Christ

„Jedes Wort ist heilig“

Dieses apodiktische Urteil des Dichters Hermann Claudius ist nicht als Selbstlob literarischer Sprache zu verstehen, sondern ganz im Sinne des Evangeliums gemeint, das den Anfang in Gottes Wort setzt. Für Claudius ist die „Inbrunst des Wortes […] das Geheimnis Gottes, da das Wort noch bei ihm war“. Die göttliche Herkunft der Sprache sei „höher denn alle Umsicht und alle Klugheit und alle Bildung und alle Kultur der Menschen“. Das bedeutet Trost und Mahnung zugleich, weil sich dadurch der Anspruch des modernen Menschen nach Selbstbestimmung und Selbstgestaltung relativiert.

„Armselig Werk. Nicht einen Grashalm mögen wir wachsen machen mit all unser Kunst.“ (Meister Bertram, 1927)

Ebenso resultiert die Naturverbundenheit des „Wandervogels“ Claudius nicht aus einem romantischen Pantheismus, sondern ist schöpfungstheologisch motiviert. Die Natur ist die Schöpfung Gottes und nur als solche fasziniert sie. In der Natur erlebt sich der Mensch als das, was er in diesem christlichen Sinne ist: ein Geschöpf Gottes.
Darum liebt und lobt Claudius den Tag, die Nacht, Frühling und Herbst, die Sonne, den Mond. Zu Tier und Pflanze hat er ein persönliches Verhältnis. Angesichts der Wunder der Natur übt sich der anschauende Mensch in Bescheidenheit.
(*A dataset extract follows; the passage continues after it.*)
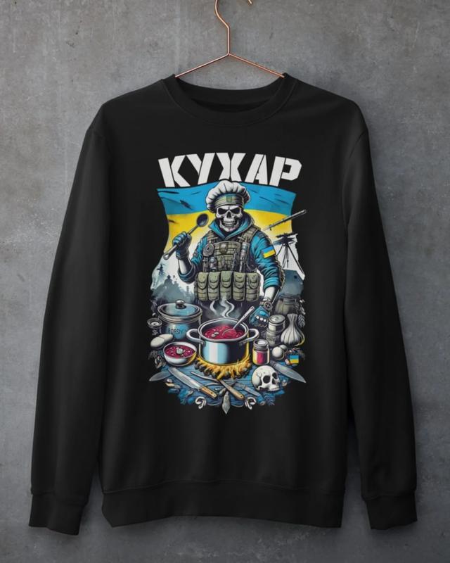 Теплий чорний світшот з унікальним принтом 'Кухар', що поєднує військову тематику з почуттям гумору. На спині зображений кухар у бронежилеті, який готує страви у польових умовах на фоні українського прапора. Яскравий і деталізований дизайн підкреслює патріотизм і додає характеру вашому стилю. Світшот виготовлений із якісного матеріалу, що забезпечує комфорт і тепло навіть у холодну погоду. Ідеальний вибір для патріотів, військових або як стильний подарунок для шанувальників незвичайного одягу. Доступно у різних розмірах.

„Ich glaube an einen ewigen Sinn aller Schöpfung und weiß, daß wir ihn niemals erfassen werden und nicht erfassen sollen. Es liegt aber ein Ahnden davon in unserer Seele, wenn wir danach in uns zu horchen wissen. Hier ruht der Urgrund alles menschlichen Schöpfertums und jedweder Kunst.“ (Ahnen und Heimat, 1933)

Hermann Claudius weiß sich als Christ getragen von seinem Glauben an Gott und die Erlösung durch Jesus Christus. Viele seiner Gedichte geben Ausdruck von einem tiefen Gottvertrauen, mit dem der Lyriker in der Welt steht, aber zu seinem Gott schaut.

Fuge

Ich will und muß dem einen Gott vertrauen,
der sich so tief in uns verborgen hält,
als wäre diese Welt nicht Seine Welt.

Ich will und muß auf Seine Weisheit bauen,
die sich mit unserer so sehr entzweit,
als wäre Seine Zeit nie unsere Zeit.

Und ob wir rückwärts, ob wir vorwärts schauen,
und ob uns Freude schüttelt oder Grauen:
Er war und ist. Und Er wird ewig sein.
Wir aber schreiten durch Ihn aus und ein.